Culture, media, and other “creative” industries, important as they are for a city’s continued prosperity, simply do not spark an economy on their own. It turns out to be the comparatively boring, old-fashioned industries, such as trade in goods, manufacturing, energy, and agriculture, that drive the world’s fastest-rising cities. In the 1960s and 1970s, the industrial capitals of Seoul and Tokyo developed their economies far faster than Cairo and Jakarta, which never created advanced industrial bases. China’s great coastal urban centers, notably Guangzhou, Shanghai, and Shenzhen, are replicating this pattern with big business in steel, textiles, garments, and electronics, and the country’s vast interior is now poised to repeat it once again. Fossil fuels — not art galleries — have powered the growth of several of the world’s fastest-rising urban areas, including Abu Dhabi, Houston, Moscow, and Perth.
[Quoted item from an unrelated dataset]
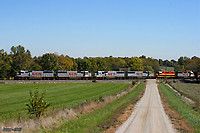 Three Southern Belle liveried units run KCS Train G-BVKC-06 northbound at 289th Street on the KCS Pittsburg Sub. in the late afternoon light. Thankfully there was a stiff south wind, or otherwise... (more)

It’s only after urban centers achieve economic success that they tend to look toward the higher-end amenities the creative-classers love. When Abu Dhabi decided to import its fancy Guggenheim and Louvre satellite museums, it was already, according to Fortune magazine, the world’s richest city. Beijing, Houston, Shanghai, and Singapore are opening or expanding schools for the arts, museums, and gallery districts. But they paid for them the old-fashioned way.
Nor is the much-vaunted “urban core” the only game in town. Innovators of all kinds seek to avoid the high property prices, overcrowding, and often harsh anti-business climates of the city center. Britain’s recent strides in technology and design-led manufacturing have been concentrated not in London, but along the outer reaches of the Thames Valley and the areas around Cambridge. It’s the same story in continental Europe, from the exurban Grand-Couronne outside of Paris to the “edge cities” that have sprung up around Amsterdam and Rotterdam. In India, the bulk of new tech companies cluster in campus-like developments around — but not necessarily in — Bangalore, Hyderabad, and New Delhi. And let’s not forget that Silicon Valley, the granddaddy of global tech centers and still home to the world’s largest concentration of high-tech workers, remains essentially a vast suburb. Apple, Google, and Intel don’t seem to mind. Those relative few who choose to live in San Francisco can always take the company-provided bus.
In fact, the suburbs are not as terrible as urban boosters frequently insist.